YOUR TASK.
Beginning with the line containing "1. Marriage: Edmund" and ending at the last line of the records, transcribe each line exactly. Do not include pictures.

Stored records:
Segment Open
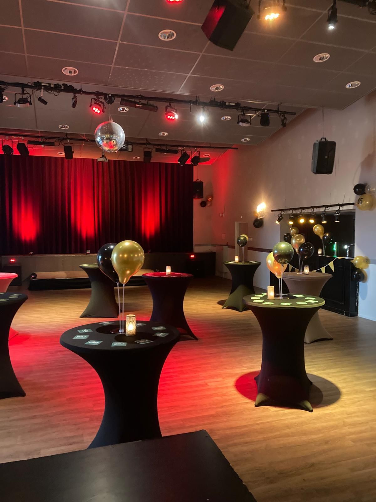 Naast de gymzaal beschikken wij over een podium met bijbehorende zaalruimte. Deze ruimte leent zich uitstekend voor voorstellingen, optredens, presentaties, repetities, lezingen en andere culturele of maatschappelijke activiteiten. Het podium biedt voldoende mogelijkheden voor licht en geluid, afhankelijk van de wensen.
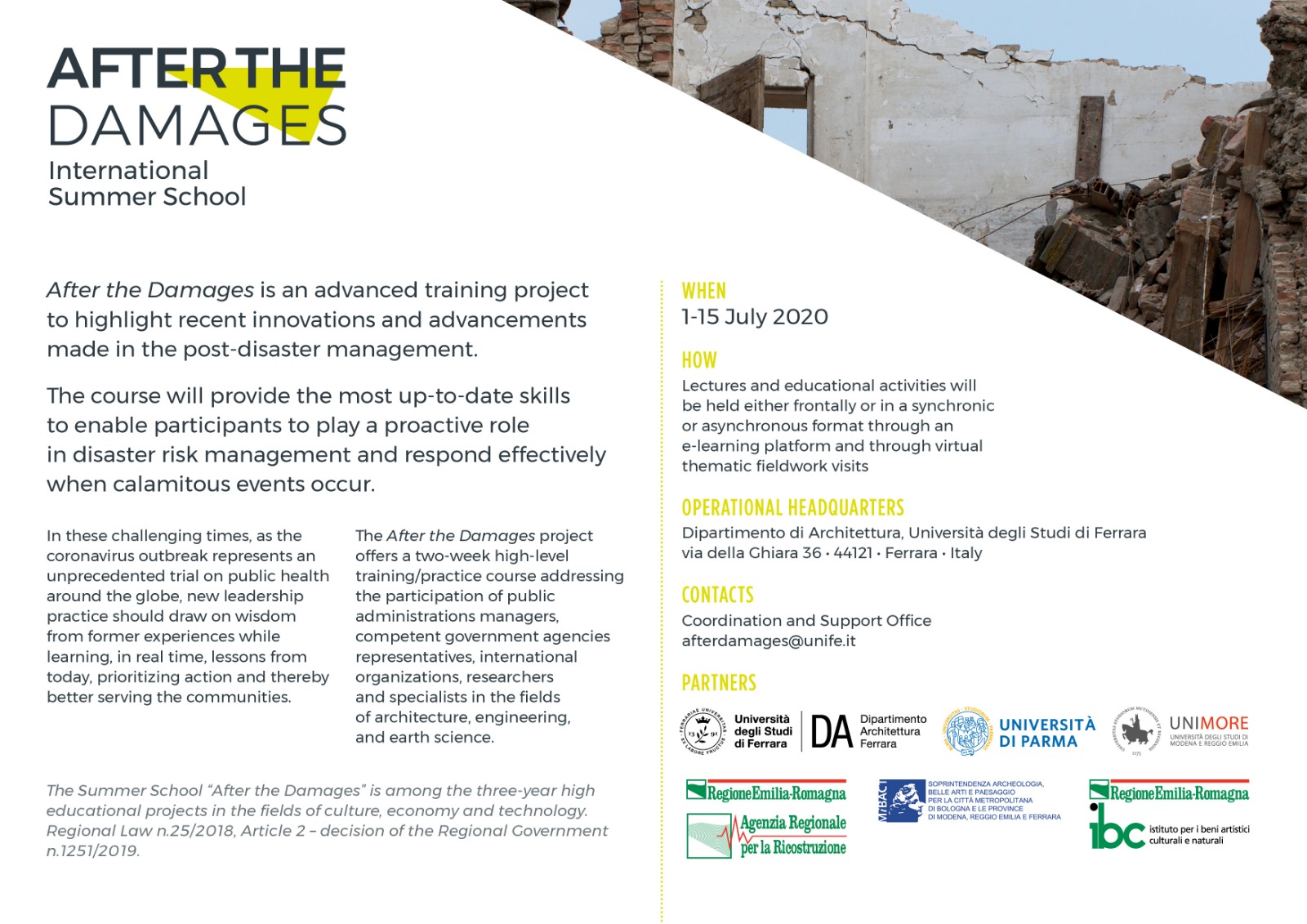 La summer school After the damages rientra tra i progetti triennali di alta formazione della Regione Emilia Romagna. La scuola vede il coinvolgimento dellUniversità di Ferrara, dellUniversità di Parma, dellUniversità di Modena e Reggio Emilia nonché della Regione Emilia Romagna e della Soprintendenza Archeologia, belle arti e paesaggio per la città metropolitana di Bologna e le province di Modena, Reggio Emilia e Ferrara.
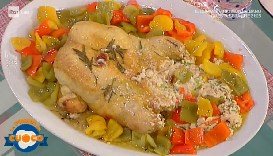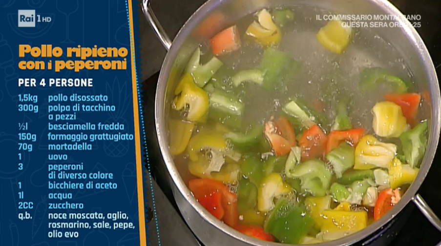 - 1,5 Kg pollo disossato, 300 g polpa di tacchino a pezzi, mezzo l besciamella, 150 g formaggio grattugiato, 70 g mortadella, 1 uovo, 3 peperoni, 1 bicchiere di aceto, 1 l acqua, 2 cc zucchero, noce moscata, aglio, rosmarino, sale, pepe
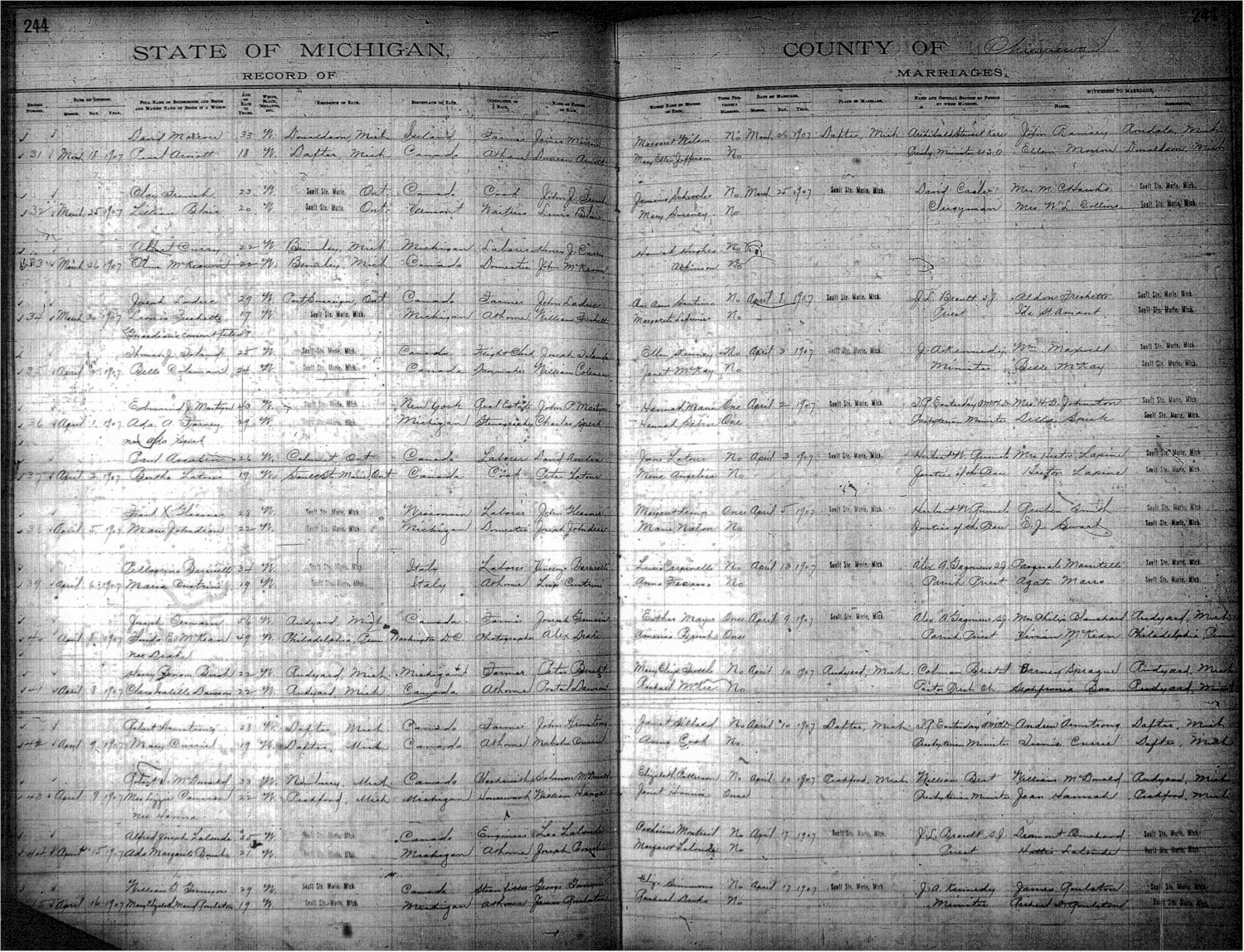 1. Marriage: Edmund Martyn and Ada Speck, on 2 April 1907, in Sault Ste. Marie, Chippewa, Michigan, United States.
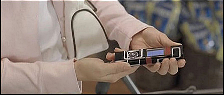 | 既像唇膏又像录音笔的7280,是“倾城系列”中最吸引眼球,同时也是最神秘的一台手机。在影片中李心洁可谓当了一会诺基亚的展示MODEL,亲自示范了一次7280的使用状况。65536色TFT屏幕,104×208像素的分辨率受到一致好评;仅84克的它拥有51M的大容量内存,还支持蓝牙......不过从它的外表我们也可以想象到7280的弱点--旋控键使操作变得困难,尤其是在输入短信的时候;另外昂贵的售价也让时尚年轻人却步。
Segment Closed
RESPONSE.
 1. Marriage: Edmund Martyn and Ada Speck, on 2 April 1907, in Sault Ste. Marie, Chippewa, Michigan, United States.
 | 既像唇膏又像录音笔的7280,是“倾城系列”中最吸引眼球,同时也是最神秘的一台手机。在影片中李心洁可谓当了一会诺基亚的展示MODEL,亲自示范了一次7280的使用状况。65536色TFT屏幕,104×208像素的分辨率受到一致好评;仅84克的它拥有51M的大容量内存,还支持蓝牙......不过从它的外表我们也可以想象到7280的弱点--旋控键使操作变得困难,尤其是在输入短信的时候;另外昂贵的售价也让时尚年轻人却步。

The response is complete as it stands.